Department of Pharmacology and Toxicology, University of Louisville, Louisville, USA.
UofL Health-Brown Cancer Center, University of Louisville, Louisville, USA.
Metabolomics. 2022 Jul 20;18(8):57. doi: 10.1007/s11306-022-01918-3.
While prediction of short versus long term survival from lung cancer is clinically relevant in the context of patient management and therapy selection, it has proven difficult to identify reliable biomarkers of survival. Metabolomic markers from tumor core biopsies have been shown to reflect cancer metabolic dysregulation and hold prognostic value.
Implement and validate a novel ensemble machine learning approach to evaluate survival based on metabolomic biomarkers from tumor core biopsies.
Data were obtained from tumor core biopsies evaluated with high-resolution 2DLC-MS/MS. Unlike biofluid samples, analysis of tumor tissue is expected to accurately reflect the cancer metabolism and its impact on patient survival. A comprehensive suite of machine learning algorithms were trained as base learners and then combined into a stacked-ensemble meta-learner for predicting "short" versus "long" survival on an external validation cohort. An ensemble method of feature selection was employed to find a reliable set of biomarkers with potential clinical utility.

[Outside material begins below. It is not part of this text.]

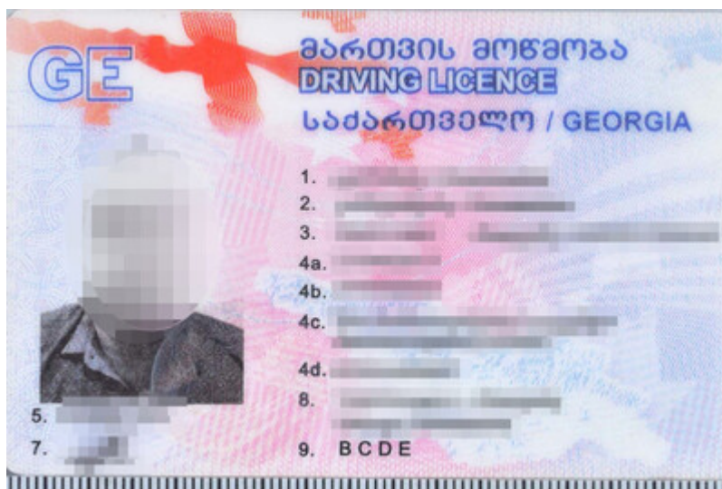
Ponad 250 fałszywych praw jazdy

Od początku 2026 roku podkarpaccy strażnicy graniczni wykryli ponad 250 fałszywych praw jazdy wydanych rzekomo przez władze 11 państw, m.in. Polskę, Chorwację i Czechy.

Overall survival (OS) is predicted in external validation cohort with AUROC of 0.881 with support vector machine meta learner model, while progression-free survival (PFS) is predicted with AUROC of 0.833 with boosted logistic regression meta learner model, outperforming a nomogram using covariate data (staging, age, sex, treatment vs. non-treatment) as predictors. Increased relative abundance of guanine, choline, and creatine corresponded with shorter OS, while increased leucine and tryptophan corresponded with shorter PFS. In patients that expired, N6,N6,N6-Trimethyl-L-lysine, L-pyrogluatmic acid, and benzoic acid were increased while cystine, methionine sulfoxide and histamine were decreased. In patients with progression, itaconic acid, pyruvate, and malonic acid were increased.
This study demonstrates the feasibility of an ensemble machine learning approach to accurately predict patient survival from tumor core biopsy metabolomic data.
虽然预测肺癌的短期和长期生存对于患者管理和治疗选择具有重要的临床意义,但识别可靠的生存标志物一直具有挑战性。肿瘤核心活检的代谢组学标志物已被证明反映了癌症代谢失调,并具有预后价值。
实施和验证一种新的集成机器学习方法,基于肿瘤核心活检的代谢组学标志物来评估生存。
数据来自采用高分辨率 2DLC-MS/MS 评估的肿瘤核心活检。与生物流体样本不同,分析肿瘤组织有望准确反映癌症代谢及其对患者生存的影响。一系列全面的机器学习算法被训练为基础学习者,然后组合成一个堆叠集成元学习者,用于在外部验证队列中预测“短”与“长”生存。采用集成特征选择方法找到具有潜在临床应用价值的可靠标志物集。
在外部验证队列中,使用支持向量机元学习者模型预测总生存(OS)的 AUC 为 0.881,而使用提升逻辑回归元学习者模型预测无进展生存(PFS)的 AUC 为 0.833,优于使用协变量数据(分期、年龄、性别、治疗与非治疗)作为预测因子的列线图。鸟嘌呤、胆碱和肌酸的相对丰度增加与 OS 缩短相关,而亮氨酸和色氨酸的相对丰度增加与 PFS 缩短相关。在死亡患者中,N6、N6、N6-三甲基-L-赖氨酸、L-吡咯戊二酸和苯甲酸增加,而胱氨酸、甲硫氨酸亚砜和组氨酸减少。在进展患者中,异柠檬酸、丙酮酸和丙二酸增加。
本研究证明了集成机器学习方法准确预测肿瘤核心活检代谢组学数据患者生存的可行性。